= State senator =

Member of an upper house of a U.S. state legislature

A state senator is a member of a state's senate in the bicameral legislature of 49 U.S. states, or a member of the unicameral Nebraska Legislature.

== History ==
There are typically fewer state senators than there are members of a state's lower house; a senator's job is to represent the people at a higher level than a state representative in the lower house. In the past, this meant that senators represented various geographic regions within a state, regardless of the population, as a way of balancing the power of the lower house, which was apportioned according to population. This system changed in 1964, when the Supreme Court of the United States announced in Reynolds v.

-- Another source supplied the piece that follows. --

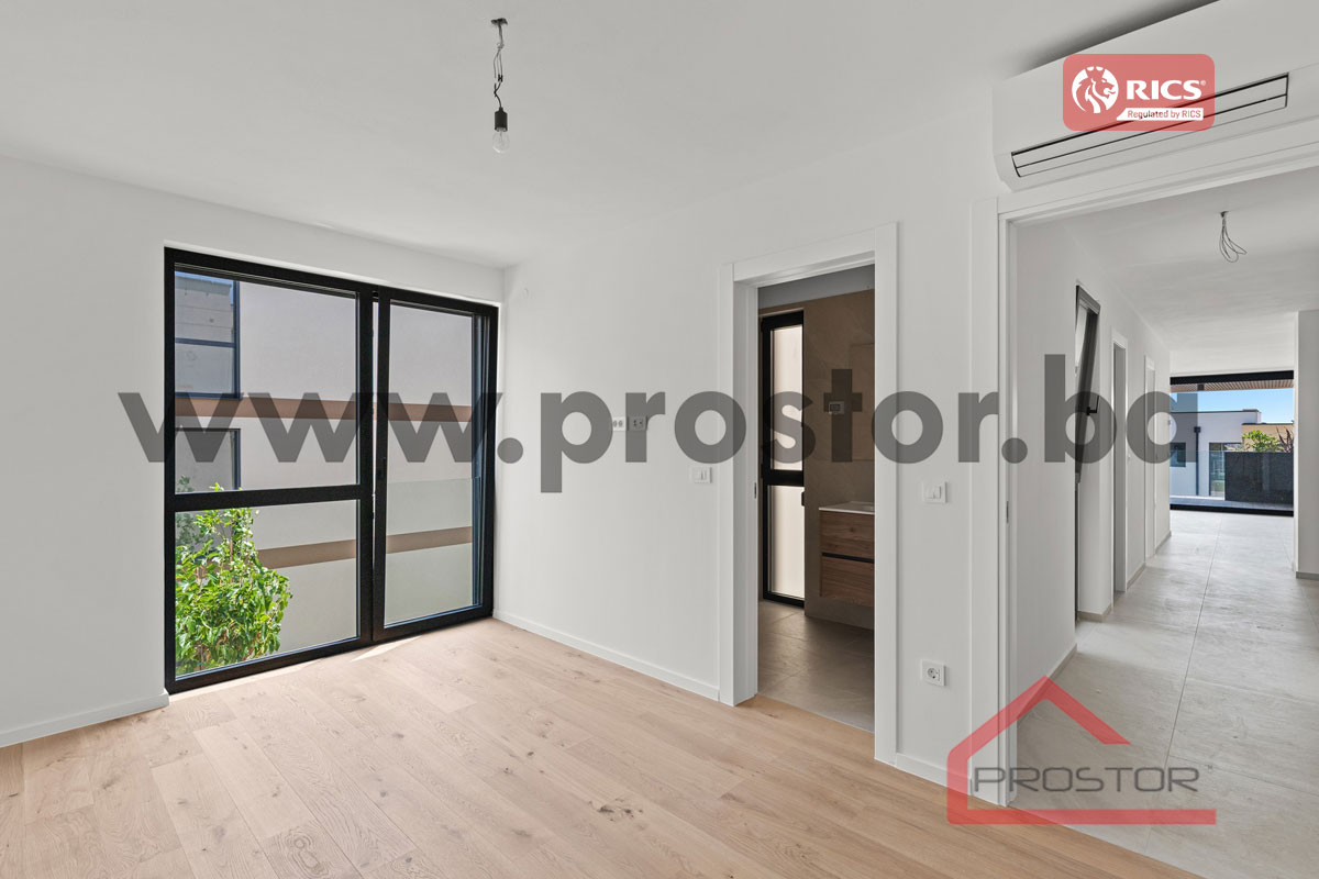 Apartman koji je predmet prodaje nalazi se na prvom spratu i odlikuje ga dvostrana orijentacija koja omogućava obilje prirodne svjetlosti tokom cijelog dana. Pažljivo osmišljen raspored prostorija obuhvata prostran i svijetao dnevni boravak povezan s moderno koncipiranom kuhinjom i trpezarijom, stvarajući ugodan ambijent za boravak i druženje. U stanu se nalaze dvije komforne spavaće sobe, od kojih je jedna luksuzna master soba sa vlastitim kupatilom i garderoberom, dok je dodatno kupatilo na raspolaganju ostatku domaćinstva. Također, apartman posjeduje praktičnu ostavu i funkcionalan hodnik koji povezuje sve prostorije. Poseban ugođaj pruža velika terasa s koje se prostire očaravajući, otvoren pogled na more, idealna za opuštanje i uživanje u mirnom okruženju.

Sims that state legislatures must apportion seats in both houses according to population. However, the single-member district system remained, and as a result, the state senates became redundant bodies, as other solutions, such as abolition (as in Canada) or switching to statewide proportional representation (as in Australia) have not been adopted.

== Composition ==
Most state senators are elected to four-year terms every presidential election year, with several state senates being elected in staggered even-numbered years. In 26 states, state senates are formally chaired by the Lieutenant governor as president of the senate, while state senators themselves elect a senate president from among themselves in others.

==Unicameral proposals==
Several proposals for abolition of state senates have been published over the 20th and 21st centuries.